■ **Data**:
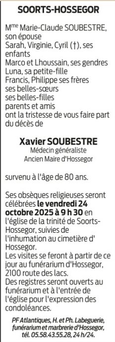 Eleve au lycée de Talence, Xavier Soubestre a pratiqué le rugby mais surtout l’athlétisme au Bec, nos archives mentionnant son passage avec un titre de champion de France junior du 4 x 100 mètres en 1964 avec ses copains Munier, Egarius et Mouquet.
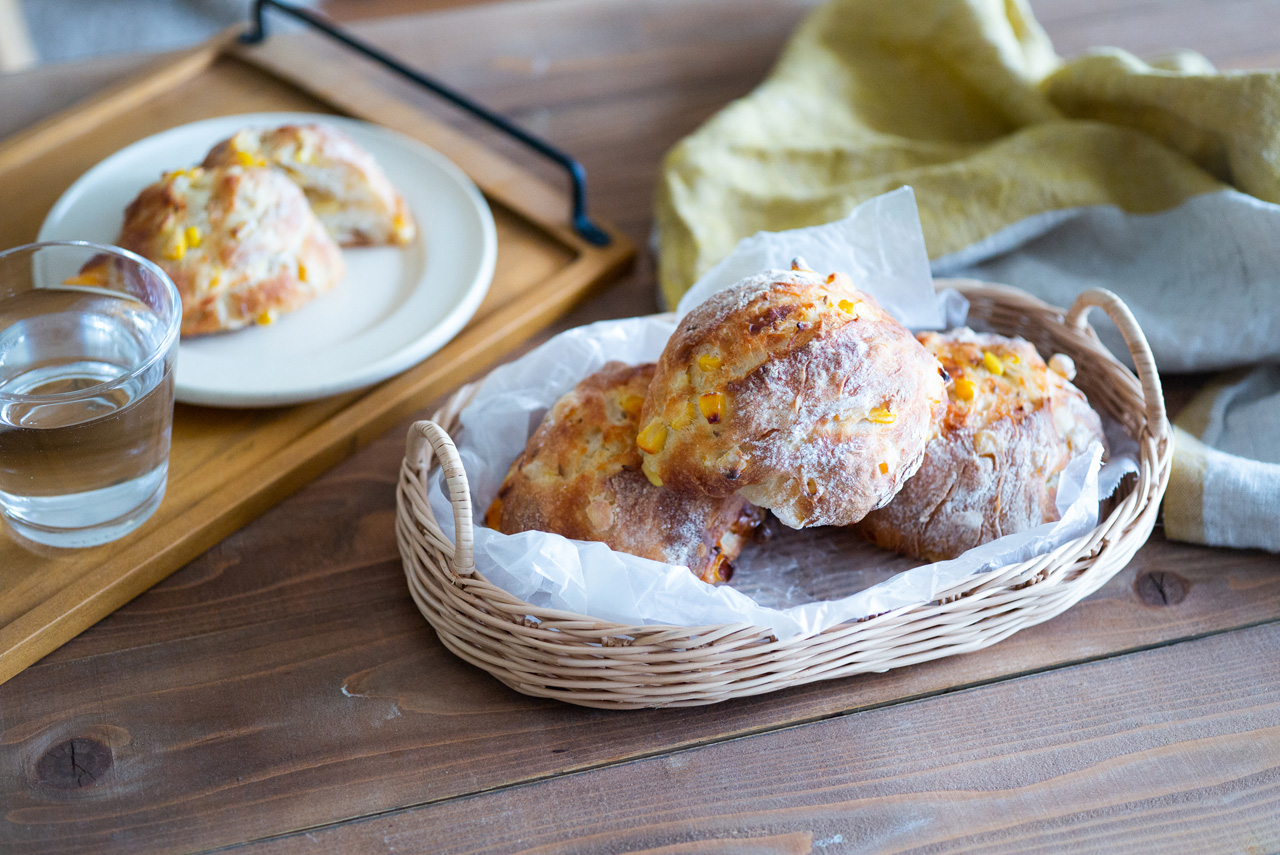 食感も味わいも秀逸な「とうもろこしとクミンの切りっぱなしパン」。手軽に作れるので、パン作り初心者にもぴったり。パンを休ませている間はほかの家事などをしつつ、ぜひ気軽にチャレンジを!
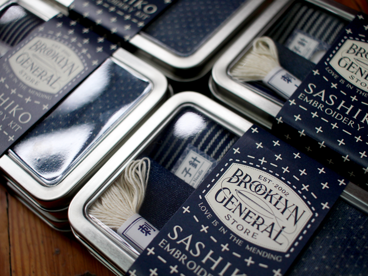 As a lover of good packaging and a crafter myself, this simple and elegant band design was a delight to create and execute. Using the existing logo and required display type, I created a label that not only fit with the aesthetic of the store, but with that of Sashiko embroidery, a craft of Japanese origin featuring intricate geometric patterning intended to make visible and beautify the art of mending. The colors on the label are taken from the contents of the kit itself, while the motifs reflect those of the conventional Sashiko stitches.
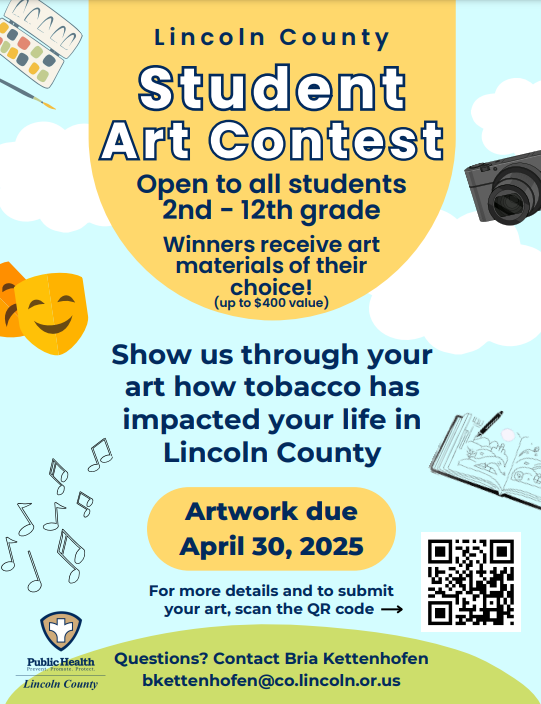 Winners received art materials of their choice valued at $400. For more information, scan the QR code or email Bria at bkettenhofen@co.lincoln.or.us.

■ **Brief**: Print the listing exactly, but skip its pictures.

■ **Written solution**:
 Eleve au lycée de Talence, Xavier Soubestre a pratiqué le rugby mais surtout l’athlétisme au Bec, nos archives mentionnant son passage avec un titre de champion de France junior du 4 x 100 mètres en 1964 avec ses copains Munier, Egarius et Mouquet.
 食感も味わいも秀逸な「とうもろこしとクミンの切りっぱなしパン」。手軽に作れるので、パン作り初心者にもぴったり。パンを休ませている間はほかの家事などをしつつ、ぜひ気軽にチャレンジを!
 As a lover of good packaging and a crafter myself, this simple and elegant band design was a delight to create and execute. Using the existing logo and required display type, I created a label that not only fit with the aesthetic of the store, but with that of Sashiko embroidery, a craft of Japanese origin featuring intricate geometric patterning intended to make visible and beautify the art of mending. The colors on the label are taken from the contents of the kit itself, while the motifs reflect those of the conventional Sashiko stitches.
 Winners received art materials of their choice valued at $400. For more information, scan the QR code or email Bria at bkettenhofen@co.lincoln.or.us.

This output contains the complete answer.